Low Complexity Dual-Vector Model Predictive Current Control for Surface-Mounted Permanent Magnet Synchronous Motor Drives

In dual-vector model predictive current control (MPCC), an active voltage vector followed by either a zero or an active voltage vector is applied in one control period. Due to a high number of possible combinations of voltage vector pairs, determining the optimal pair becomes computationally expensive. A novel approach is proposed for reducing the number of candidate active voltage vectors. The concept is to use the projection of the current error vector onto the active voltage vector which minimizes the cost function. The proposed dual-vector MPCC is implemented in the rotor reference frame and does not need additional coordinate transformations and associated trigonometric calculations. Thus, it is simple to be digitally implemented.
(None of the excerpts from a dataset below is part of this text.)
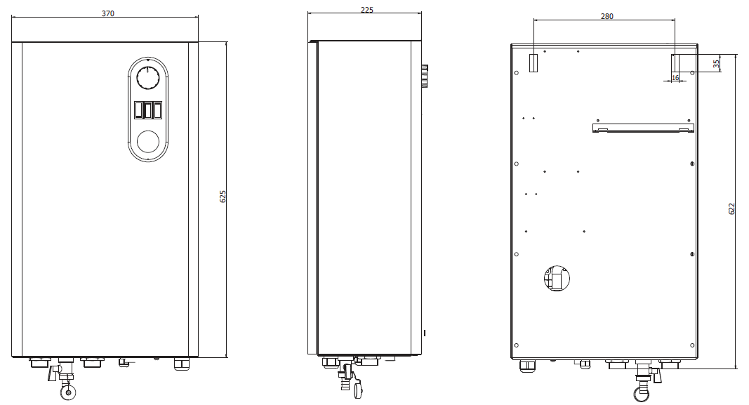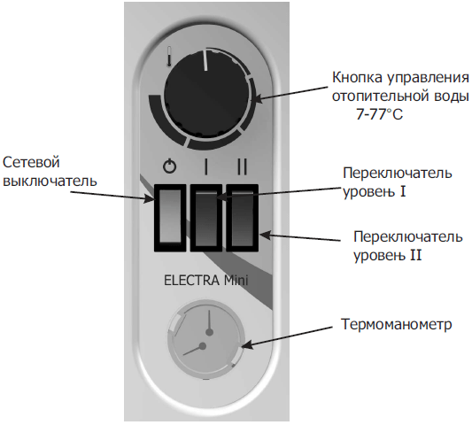Электрокотлом MINI 6 кВт можно управлять с помощью панели управления, на которой можно установить требуемую мощность и температуру отопительной воды. Панель управления также служит для отображения актуальных величин давления и температуры.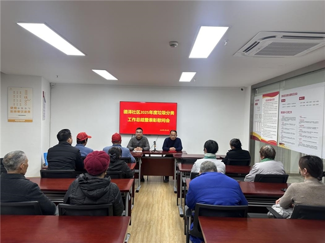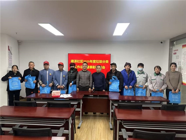 这日,天空飘着雪花,天气极冷,德泽社区会议室里却很暖。为总结过去,展望未来,表彰先进,传递温暖,杭州市西湖区三墩镇德泽社区隆重召开了2025年度垃圾分类工作总结暨表彰慰问会。社区书记、10名垃圾分类志愿者齐聚一堂。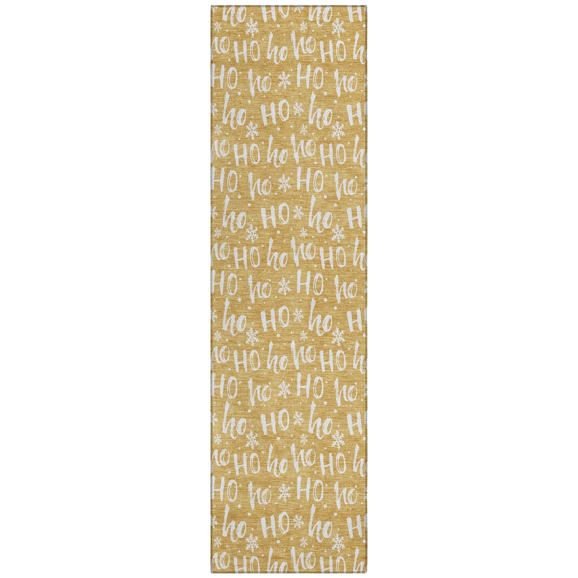 The Paelon Gold Washable Rug is a delightful addition to any home, bringing a festive spirit with its "Ho Ho Ho" and snowflake design. This rug effortlessly complements both classic and modern decor, making it a versatile choice for seasonal decorating. Crafted for both indoor and outdoor use, its UV-stabilized material ensures it retains its vibrant gold hues even in sunlight. Designed with convenience in mind, the rug's ultra-thin construction allows for easy cleaning, whether you're tidying up after a holiday gathering or simply freshening up your space.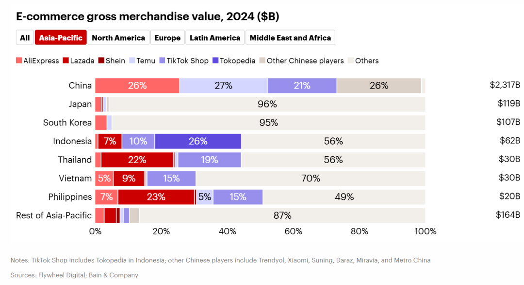 如今,中国电商企业正以惊人的速度在全球范围内布局,贝恩公司最新研究报告指出,在印尼、泰国、菲律宾等东南亚核心市场,Lazada、TikTok Shop等中国电商平台,已狂揽约 50% 的在线零售份额。这意味着,每两个东南亚网购订单中,就有一个流向中国跨境电商平台。

Furthermore, a novel method, which relies less on the system model, is proposed for determining the duty cycle of the active voltage vectors. Therefore, sensitivity to the erroneous assumption of motor parameters, particularly at low speeds, is alleviated. The performance of a permanent magnet synchronous motor drive under the proposed MPCC is compared with a most recently introduced dual-vector MPCC based on deadbeat control. Experimental results with the accurate and erroneous assumption of motor parameters verify the superiority of the proposed method in terms of computation simplicity, stator current and torque quality, and dynamic response.